BEGIN Information supplied

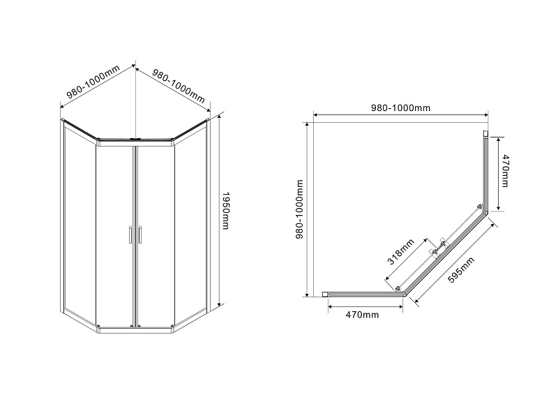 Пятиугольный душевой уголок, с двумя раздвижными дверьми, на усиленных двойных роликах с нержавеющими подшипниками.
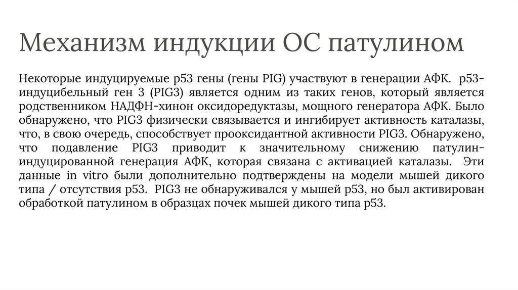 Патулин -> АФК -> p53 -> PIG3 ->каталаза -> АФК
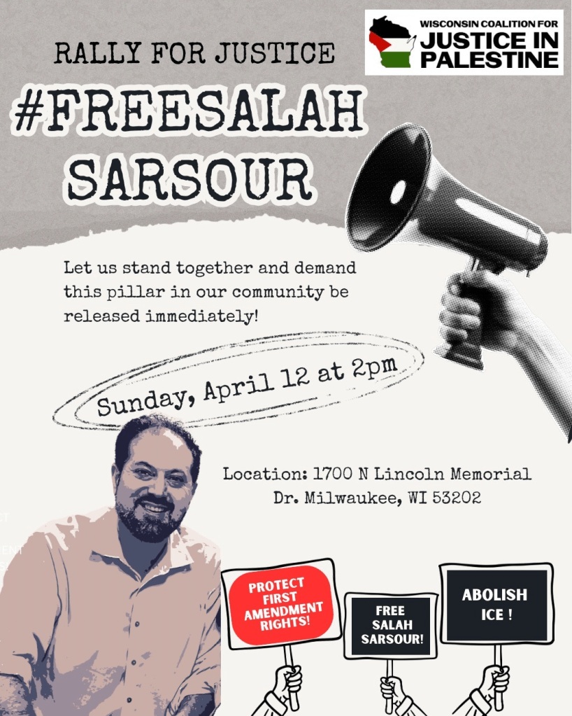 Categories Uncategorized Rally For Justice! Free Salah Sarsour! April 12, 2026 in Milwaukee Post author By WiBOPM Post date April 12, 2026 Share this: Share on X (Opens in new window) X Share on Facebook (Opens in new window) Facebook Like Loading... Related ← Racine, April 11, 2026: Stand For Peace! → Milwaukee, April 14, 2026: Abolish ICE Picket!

END Information supplied
BEGIN Information supplied

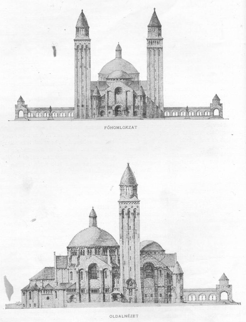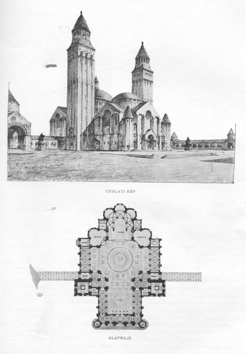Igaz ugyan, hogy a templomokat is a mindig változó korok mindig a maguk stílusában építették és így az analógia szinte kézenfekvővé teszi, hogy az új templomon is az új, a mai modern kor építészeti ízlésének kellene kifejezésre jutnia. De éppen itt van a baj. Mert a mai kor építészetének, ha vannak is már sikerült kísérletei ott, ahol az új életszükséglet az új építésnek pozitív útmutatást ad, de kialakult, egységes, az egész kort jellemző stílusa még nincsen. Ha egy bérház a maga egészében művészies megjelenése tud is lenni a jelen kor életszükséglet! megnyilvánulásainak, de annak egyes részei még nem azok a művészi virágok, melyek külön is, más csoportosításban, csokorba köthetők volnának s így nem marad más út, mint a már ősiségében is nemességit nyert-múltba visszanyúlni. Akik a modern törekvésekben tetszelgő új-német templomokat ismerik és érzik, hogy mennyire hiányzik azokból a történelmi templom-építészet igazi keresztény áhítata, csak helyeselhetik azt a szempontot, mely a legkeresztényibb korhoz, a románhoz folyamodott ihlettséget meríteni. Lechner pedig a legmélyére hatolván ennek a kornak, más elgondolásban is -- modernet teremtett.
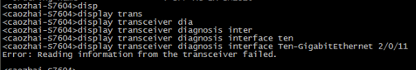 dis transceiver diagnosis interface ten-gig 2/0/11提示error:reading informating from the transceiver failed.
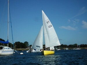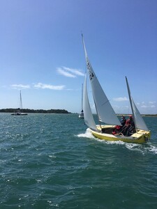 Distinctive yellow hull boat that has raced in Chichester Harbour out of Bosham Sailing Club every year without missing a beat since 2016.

END Information supplied

#### Activity
After locating the line containing "Пятиугольный душевой уголок, с" in the entries above, return it and every line after it exactly, ending at the line containing "Патулин -> АФК", without pictures.

#### Your solution
 Пятиугольный душевой уголок, с двумя раздвижными дверьми, на усиленных двойных роликах с нержавеющими подшипниками.
 Патулин -> АФК -> p53 -> PIG3 ->каталаза -> АФК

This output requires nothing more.